OpenAI Keeps Its Timing Private

OpenAI added a second AI listing thread Monday. The company said in its confidential S-1 submission notice that it had submitted draft IPO paperwork, while giving itself room on timing. The post was short and unusually direct for a company at this stage of a public-market process.

We have not decided on timing yet; it may be a while.

That line came from OpenAI’s June 8 notice. It puts the company in the same public-market conversation as Anthropic, the Claude maker that announced its own confidential filing earlier this month, and SpaceX, whose filing is already public.

Confidential filing does not publish the company’s financial statements. It begins SEC review while keeping the document private until later in the process. For traders watching Tuesday’s futures, that matters because the public market is being asked to price AI exposure through several doors at once: existing chip stocks, cloud platforms, private-company filings and new supply.

The Fed Date Sits Between Both Trades

The rebound also has a fixed policy date in front of it. The Federal Reserve’s Federal Open Market Committee calendar lists the next meeting for June 16-17, with that meeting associated with a Summary of Economic Projections. The May jobs report is the last payrolls report before that decision.

That leaves a tight run of events for a market trying to recover from a technology-led break:

  • June 11 – SpaceX is expected to price its offering, according to its SEC filing materials.
  • June 12 – Trading in SPCX is expected to begin if the deal prices as scheduled.
  • June 16-17 – The Federal Open Market Committee meets and releases updated projections.
  • July 2 – The BLS is scheduled to release the June Employment Situation report at 8:30 a.m. ET.

Those dates put the market’s three main inputs close together: liquidity demand from a giant IPO, rate expectations from the Fed and labor data that can change the inflation story again before the holiday weekend.

Public Markets Are Being Asked to Price Private Scale

The Nasdaq bounce can carry through the open without settling the larger problem. A market that has spent months assigning high values to artificial intelligence infrastructure is now being handed primary supply from the companies behind that story. SpaceX is the immediate test because its terms are public and its calendar is short.

The size also changes who has to care. A small IPO can trade on scarcity, retail demand and day-one momentum. A $74.4 billion net raise calls in institutions, index planners, exchange-traded funds and large mutual funds.
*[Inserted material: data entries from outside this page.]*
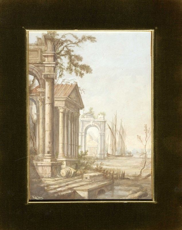 Tempere su tavoletta. cm 22,5x17 cad. Entrambe firmate in basso a sinistra. Le opere raffigurano scorci di rovine dove la presenza naturale sembra riappropriarsi dello spazio. Due dipinti paesaggistici realizzati dettagliando minuziosamente ogni piccolo aspetto della composizione.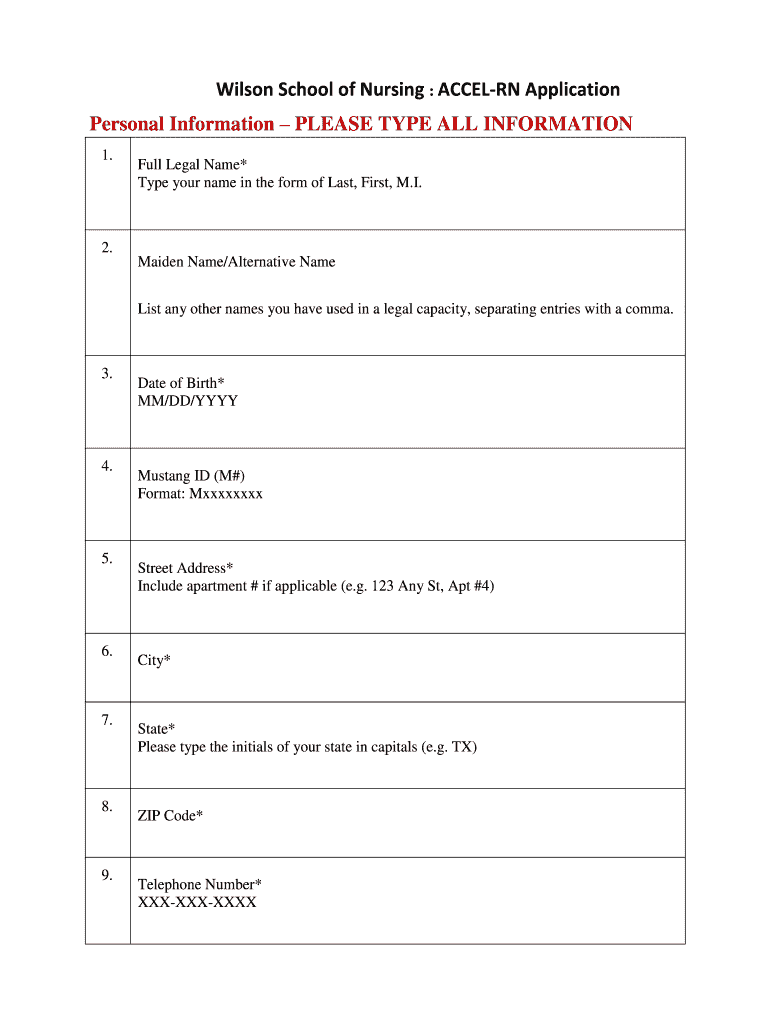 Wilson School of Nursing : ACCELA Application Personal Information PLEASE TYPE ALL INFORMATION 1. Full Legal Name* Type your name in the form of Last, First, M.I.2. Maiden Name/Alternative Name List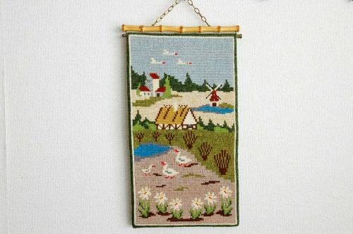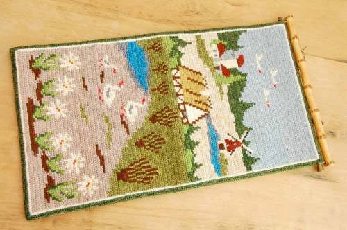スウェーデンで見つけたタペストリー(風車とあひる)です。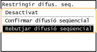 Podeu prohibir una funció que enviï alhora un fax a diverses destinacions (difusió seqüencial).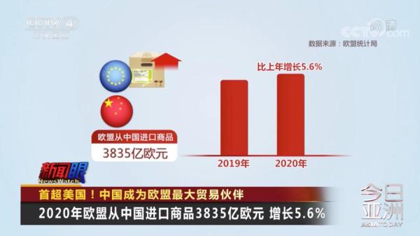 欧盟统计局2月15日发布的外贸数据显示,2020年欧盟27国与中国货物贸易在疫情中逆势双向增长,中国首次取代美国成为欧盟最大贸易伙伴。数据显示,2020年欧盟从中国进口商品3835亿欧元,比上年增长5.6%;向中国出口商品2025亿欧元,增长2.2%。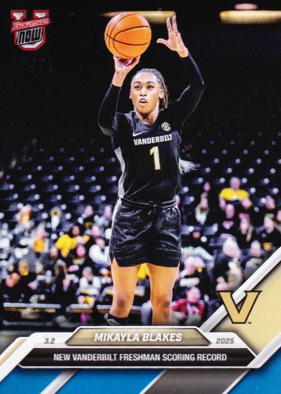 Mikayla Blakes Vanderbilt Freshman Score Record 2024-25 Bowman U Now 79 BLUE /49

It also lands while public chip stocks are being repriced against bond yields and payroll data.

OpenAI is a different case for now because its filing is confidential. The company gave markets a filing status, not financials or terms. Its own statement says timing has not been decided, which keeps the OpenAI trade in the expectation column while SpaceX moves toward a printed price.

Tuesday’s futures point to a rebound at the open. The next firm number comes before SpaceX starts trading, when the offering price is expected to be set on June 11.

Disclaimer: This article is for informational purposes only and does not provide investment advice. Stocks, futures, commodities and IPOs involve financial risk, including possible loss of principal. Consult a qualified financial professional before making investment decisions. Figures are accurate as of publication.